La seule garantie dont j'ai besoin est qu'il n'y aura pas d'arme nucléaire. Ils ont accepté cela, et c'était très intéressant.
Trump a également lié un accord potentiel à un soulagement économique intérieur, déclarant que les prix de l'essence « chuteraient fortement » une fois un accord conclu.
Les contre-exigences de l'Iran
Téhéran a contesté les caractérisations de Trump, les médias iraniens réfutant ses affirmations selon lesquelles leur uranium enrichi aurait été détruit. L'Iran a insisté sur la libération de 12 milliards de dollars d'avoirs gelés avant d'entamer des discussions substantielles sur son programme nucléaire. De plus, Téhéran exige que le Liban soit inclus dans tout accord pour mettre fin à la guerre, suite à ce que Beyrouth a décrit comme une « politique de la terre brûlée » israélienne dans son conflit avec le mouvement pro-iranien Hezbollah.

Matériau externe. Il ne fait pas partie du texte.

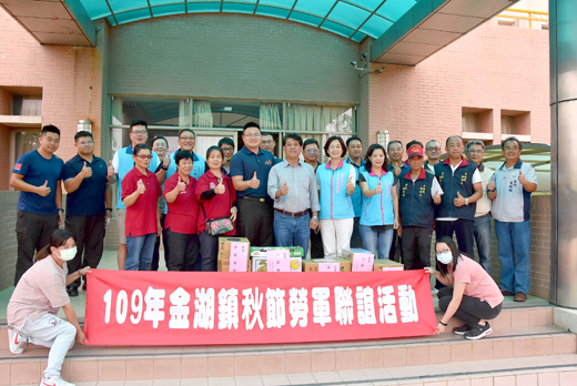 中秋節前夕,金湖鎮各界昨(21)日下午展開勞軍活動,由鎮長陳文顧與代表會副主席林麗芬率領鎮代表蔡建偉、林嘉森、陳秀卿、洪海水以及各里里長、金湖鎮後備軍人輔導中心、金門縣軍人之友社、青溪婦女金湖分會,及鎮公所同仁,陸續走訪金門縣警察局金湖分局、聯勤金門地區支援指揮部、岸巡總隊部、海龍部隊、海巡隊、金門縣消防局金湖消防分隊,感謝地區駐軍以及轄區的警消人員平日對金湖轄區內的國安、治安維護、救災救護等的辛勤及努力。 陳文顧表示,有感於軍警消平日對於治安、交通及防疫工作的努力投入,且在即將到來的中秋節4天連假,軍警仍堅守崗位守護民眾的安全,努力讓民眾有一個安居樂業的優質宜居家園,在此給予萬分肯定與讚賞,感謝金湖地區軍警消弟兄們平時對於鎮務的配合與協助,也肩負保衛金門的任務,勞苦功高,備極辛勞;因此鎮公所與鎮代會獻上一些禮品,讓軍警消弟兄們在假期辛苦輪值時,也能感受過節氣氛。各單位主官也親自出面迎接勞軍人員,對於各單位的一片心意,表達感謝。 代表會副主席林麗芬表示,月到中秋分外明,人到佳節特別親。我國傳統節日中秋節來臨之際,公所及代表會前往慰問金湖地區軍警消弟兄們,他們平日必須要犧牲與家人團聚的重要節日堅守崗位,表達十二萬分的敬意與謝意,而且金湖鎮有任何需要軍警消弟兄們的協助,弟兄們也都是適時給予協助,他特別向軍警消弟兄們祝福佳節快樂。
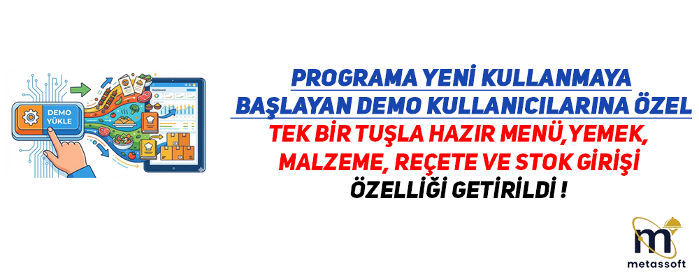 Demo kullanıcıları artık tek bir tuşla hazır yemekleri, malzemeleri, menüleri, reçeteleri ve stok girişlerini otomatik olarak yükleyebiliyor.

Samedi, le quartier général central de Khatam al-Anbiya en Iran a réaffirmé son contrôle sur le détroit d'Ormuz, avertissant que les navires étrangers seraient ciblés s'ils ne se conformaient pas aux règlements de passage.
Posture militaire et escalade régionale
Le secrétaire à la Défense Pete Hegseth a déclaré samedi lors d'un sommet sur la sécurité à Singapour que les États-Unis sont « plus que capables » de reprendre la guerre contre l'Iran si les négociations échouent. Le conflit a commencé le 28 février lorsque les États-Unis et Israël ont lancé des attaques contre l'Iran. Pendant ce temps, l'armée israélienne a annoncé dimanche que son offensive contre le Hezbollah au Liban « s'étend à d'autres zones », les forces israéliennes ayant capturé la forteresse de Beaufort. Le fragile cessez-le-feu unilatéral décrété par Trump a été mis à l'épreuve par des attaques limitées répétées autour d'Ormuz et du golfe Persique.
Nous sommes plus que capables de nous battre à nouveau si nécessaire.